Anything to do with languages gets me hot. Like, really hot. Therefore, I often put on a pair of half-pants and a “sleeve is short shirt” (not a “Y-shirt“!) when reading/talking about man’s greatest invention.
Case in point: a piece from Mark Nichol titled “15 French Words and Phrases That Don’t Mean That in French” courtesy of Daily Writing Tips (@writing_tips) and via @elizabethscraig.
I think my favourite one from this list is the “piece that resists” (piéce de resistance). I’m not really sure why. It’s just funny. And funny things make me laugh.
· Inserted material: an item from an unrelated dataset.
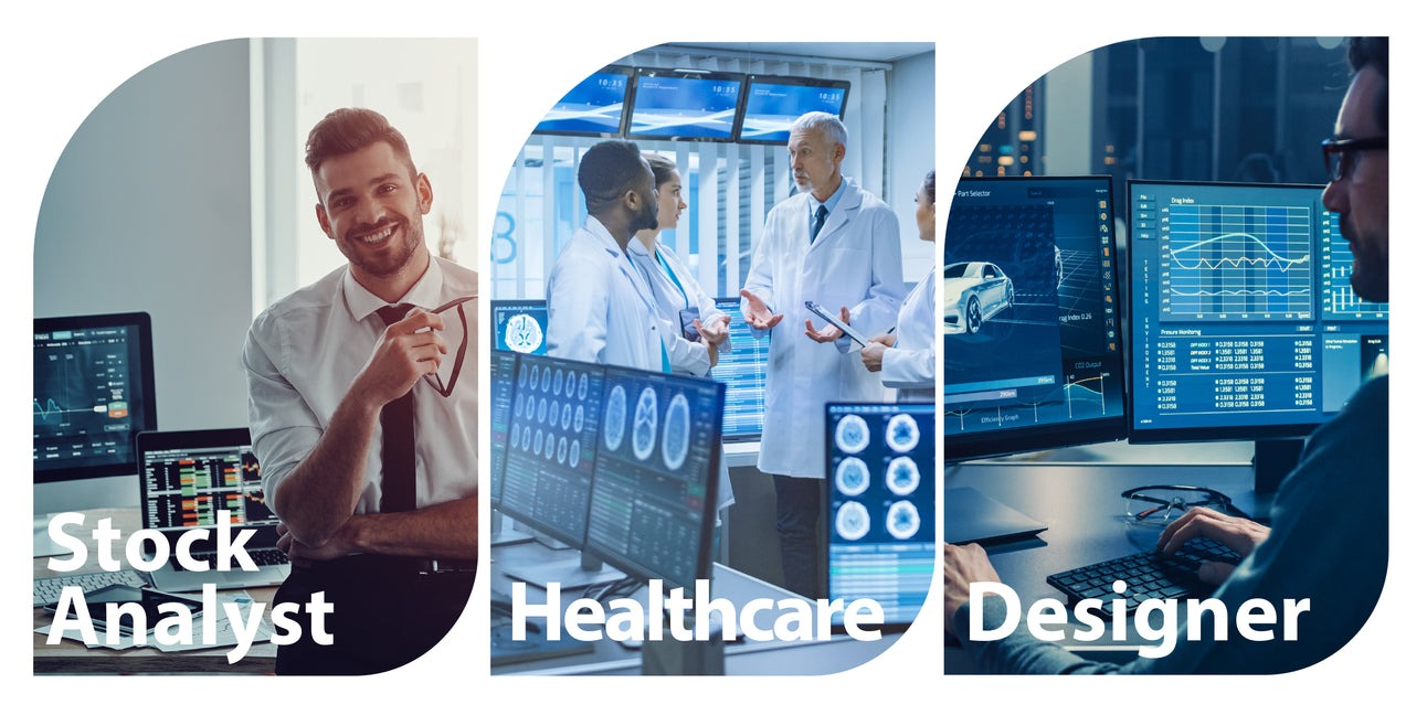 Виконуйте кілька завдань одночасно завдяки більшому простору на робочому столі. Переміщайте та переглядайте великі таблиці на чотирьох екранах без накладання вікон. Ідеально підходить для одночасного перегляду декількох вікон, що підвищує продуктивність стандартних бізнес-додатків.

On a similar note, my brother and I often like to discuss (ad nauseam most times) the bastardization of English in the Korean language (otherwise known more prosaically as “borrowed words” or jokingly as “Konglish”). As seen in the example above, a dress shirt/button-down shirt is now called a “Y-shirt” in (South) Korean (though technically comes via “Janglish”). Why (pun intended)? Who knows.
Other examples include “handphone” (cell phone –> mobile phones go in your hand, right?), “selfka” (selfie –> “self” + “camera”), and “hochikiss” (stapler –> for reasons lost on me, named after the American ordinance engineer Benjamin Hotchkiss, who specialized in developing a revolving barrel machine gun).
When it comes to North Korean Korean (or chosun mal as they call it – “spoken Chosun” (the last Korean dynasty before Japan annexed the Korean Peninsula in 1910), things are, like everything else in that country, different. But I’m going to save that for one another post, assuming the world is not brought to a pile of ashy ashes before then by a certain boy-man leader who wears the finest duds east of the mighty Amrokgang (the Yalu River, as pronounced in North Korean dialect).